*Your instructions*. Write down the listing again exactly as it appears below, without its pictures.

*** Opening Information supplied ***

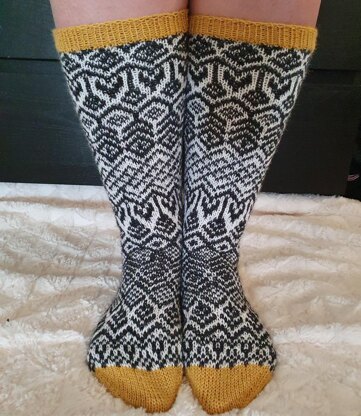 Wilhelminas are long colorwork socks for women. They are knitted from leg to toe with reinforced heel. You will need three contrasting colors, colorwork is knitted with two colors. You can use either DPNs or circular needle in knitting the pattern.
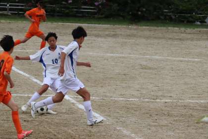開始10分は守備におわれる大淀中でしたが、Sさん(2−3)がプレスで粘って相手ボールを奪います。そのまま左サイドをかけあがりゴール前にセンターリング。そのボールが、相手選手に当たってオウンゴール。1−0で大淀中がリードします。しかし、その後も相手校のペースで試合が進み、12分には抜け出した相手FWとキーパーNさん(2−3)が1対1になるもゴールを割らせません。しかし、その3分後、一瞬の隙を狙われ1−1と試合が振り出しに戻ります。19分には、左CK流れからのボールをGKがはじいたところをシュートされ1−2と逆転されます。そこから、大淀中が反撃に出ます。Nさん(2−2)のスルーパスが随所に見られますが、ゴールにつながりません。27分には、Nさん(2−3)のスローインからのボールをNさん(2−2)がシュートを打つも、GKの正面でした。前半は、1−2西陵中リードで終えます。
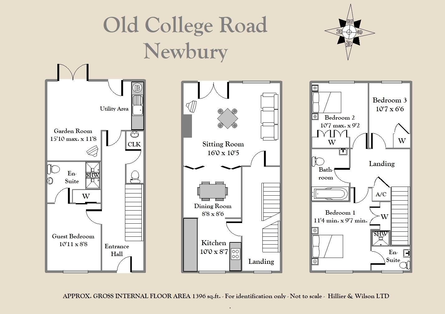 A well-presented four bedroom town house located in a sought after development on the north side of Newbury. The property offers flexible accommodation over three floors and benefits from gas central heating, uPVC double glazing, off road parking and garage. The ground floor comprises entrance hall, cloakroom, garden room with utility area and a guest bedroom with en-suite shower room and built-in wardrobe. The first floor offers sitting room with French doors onto Juliette balcony, dining room and kitchen. The top floor has a principal bedroom with en-suite shower room and built-in wardrobe, two further bedrooms with built-in wardrobes and a family bathroom. Externally there is a low maintenance rear garden with both lawn and patio areas, whilst parking is available to the rear in front of the garage. Old College Road is conveniently located a stone's throw away from Waitrose and a short walk from the shops and restaurants of Newbury town centre.
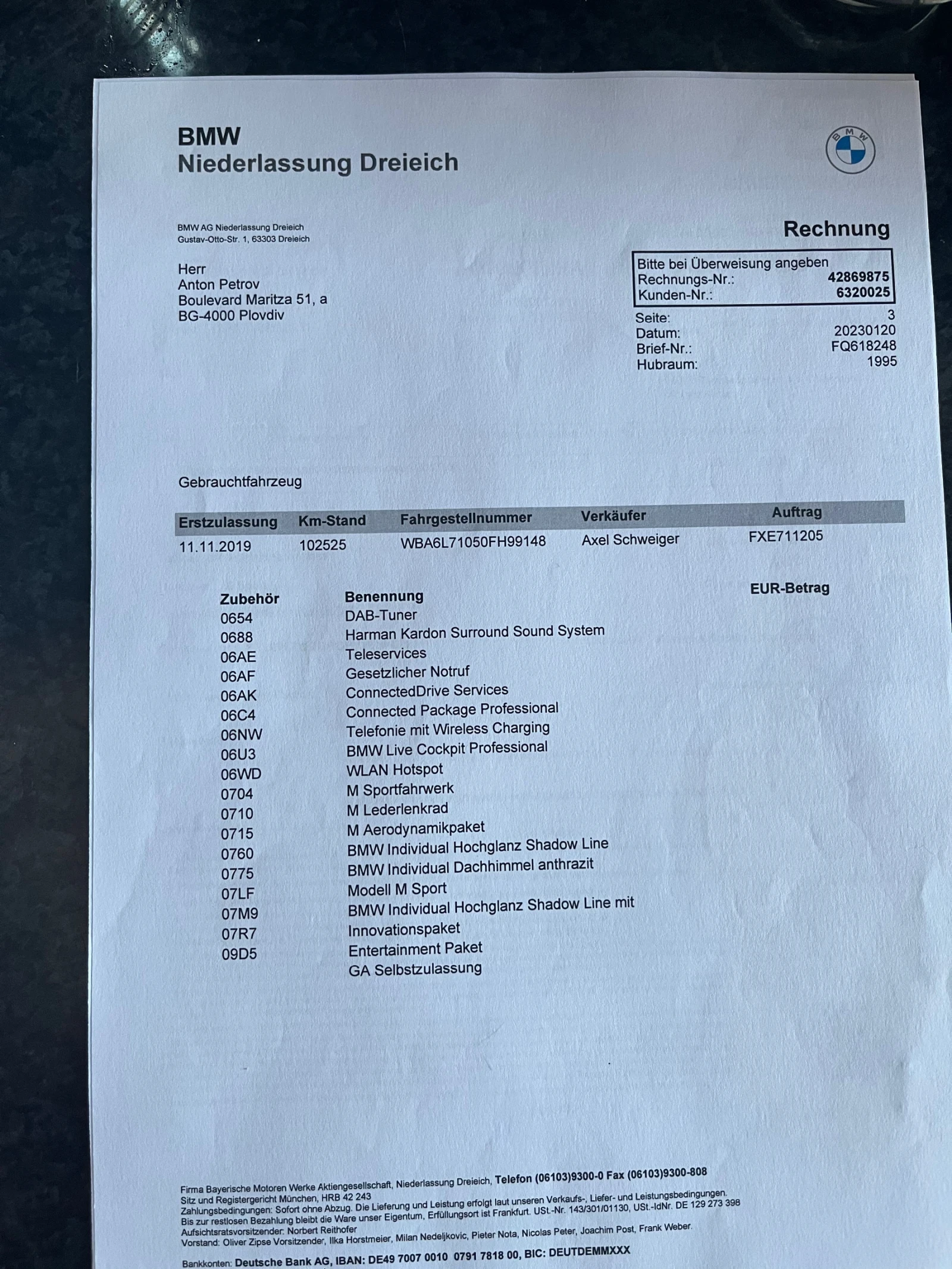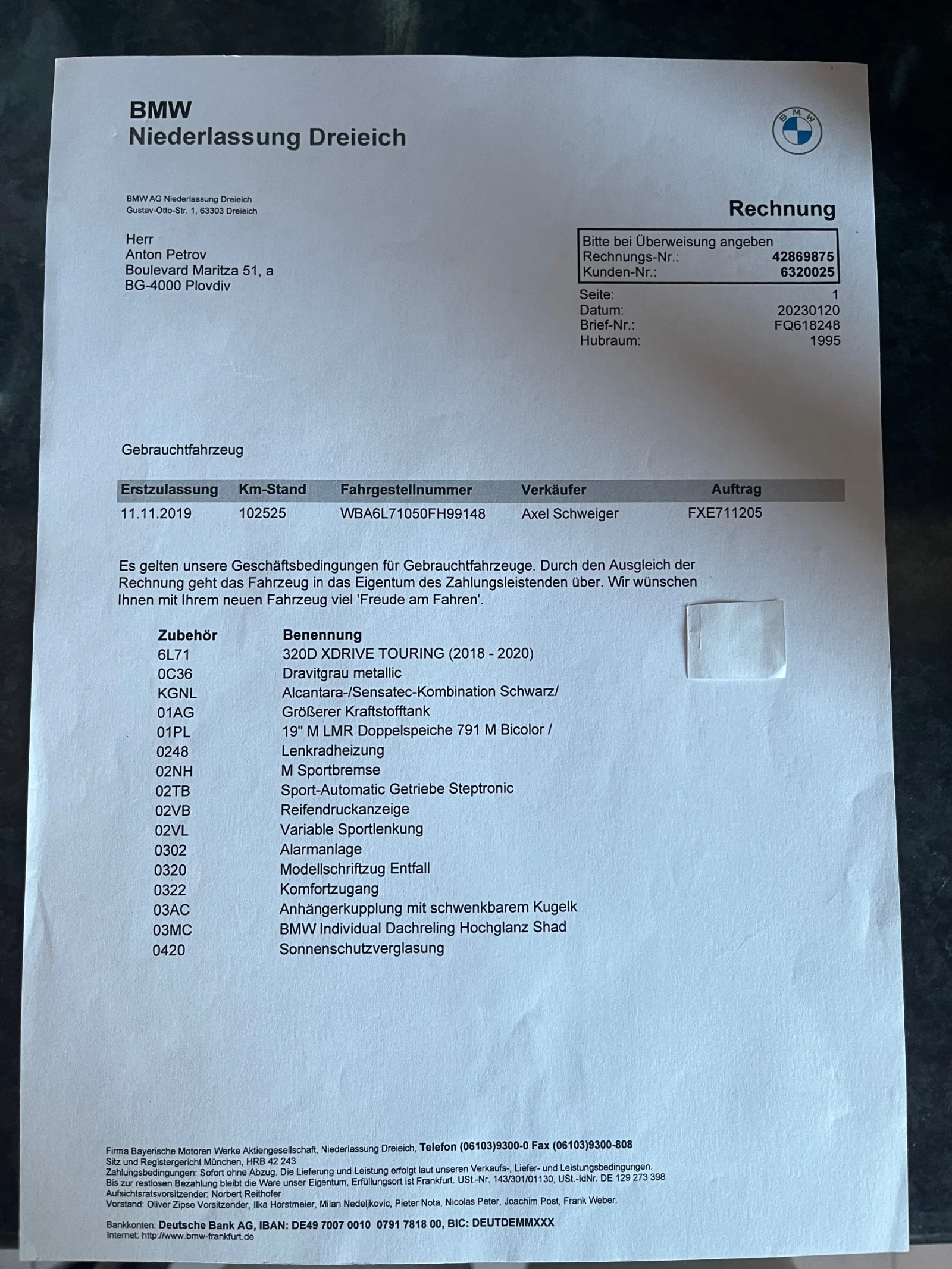 Автомобилът е закупен от Германия януари 2023 На 110200 км е обслужен по гаранция в БМВ 24300 км изминати само извънградско. Гаражен автомобил. Обслужена на 122889км

*** Closing Information supplied ***

*Solution to this problem*.
 Wilhelminas are long colorwork socks for women. They are knitted from leg to toe with reinforced heel. You will need three contrasting colors, colorwork is knitted with two colors. You can use either DPNs or circular needle in knitting the pattern.
開始10分は守備におわれる大淀中でしたが、Sさん(2−3)がプレスで粘って相手ボールを奪います。そのまま左サイドをかけあがりゴール前にセンターリング。そのボールが、相手選手に当たってオウンゴール。1−0で大淀中がリードします。しかし、その後も相手校のペースで試合が進み、12分には抜け出した相手FWとキーパーNさん(2−3)が1対1になるもゴールを割らせません。しかし、その3分後、一瞬の隙を狙われ1−1と試合が振り出しに戻ります。19分には、左CK流れからのボールをGKがはじいたところをシュートされ1−2と逆転されます。そこから、大淀中が反撃に出ます。Nさん(2−2)のスルーパスが随所に見られますが、ゴールにつながりません。27分には、Nさん(2−3)のスローインからのボールをNさん(2−2)がシュートを打つも、GKの正面でした。前半は、1−2西陵中リードで終えます。
 A well-presented four bedroom town house located in a sought after development on the north side of Newbury. The property offers flexible accommodation over three floors and benefits from gas central heating, uPVC double glazing, off road parking and garage. The ground floor comprises entrance hall, cloakroom, garden room with utility area and a guest bedroom with en-suite shower room and built-in wardrobe. The first floor offers sitting room with French doors onto Juliette balcony, dining room and kitchen. The top floor has a principal bedroom with en-suite shower room and built-in wardrobe, two further bedrooms with built-in wardrobes and a family bathroom. Externally there is a low maintenance rear garden with both lawn and patio areas, whilst parking is available to the rear in front of the garage. Old College Road is conveniently located a stone's throw away from Waitrose and a short walk from the shops and restaurants of Newbury town centre.
 Автомобилът е закупен от Германия януари 2023 На 110200 км е обслужен по гаранция в БМВ 24300 км изминати само извънградско. Гаражен автомобил. Обслужена на 122889км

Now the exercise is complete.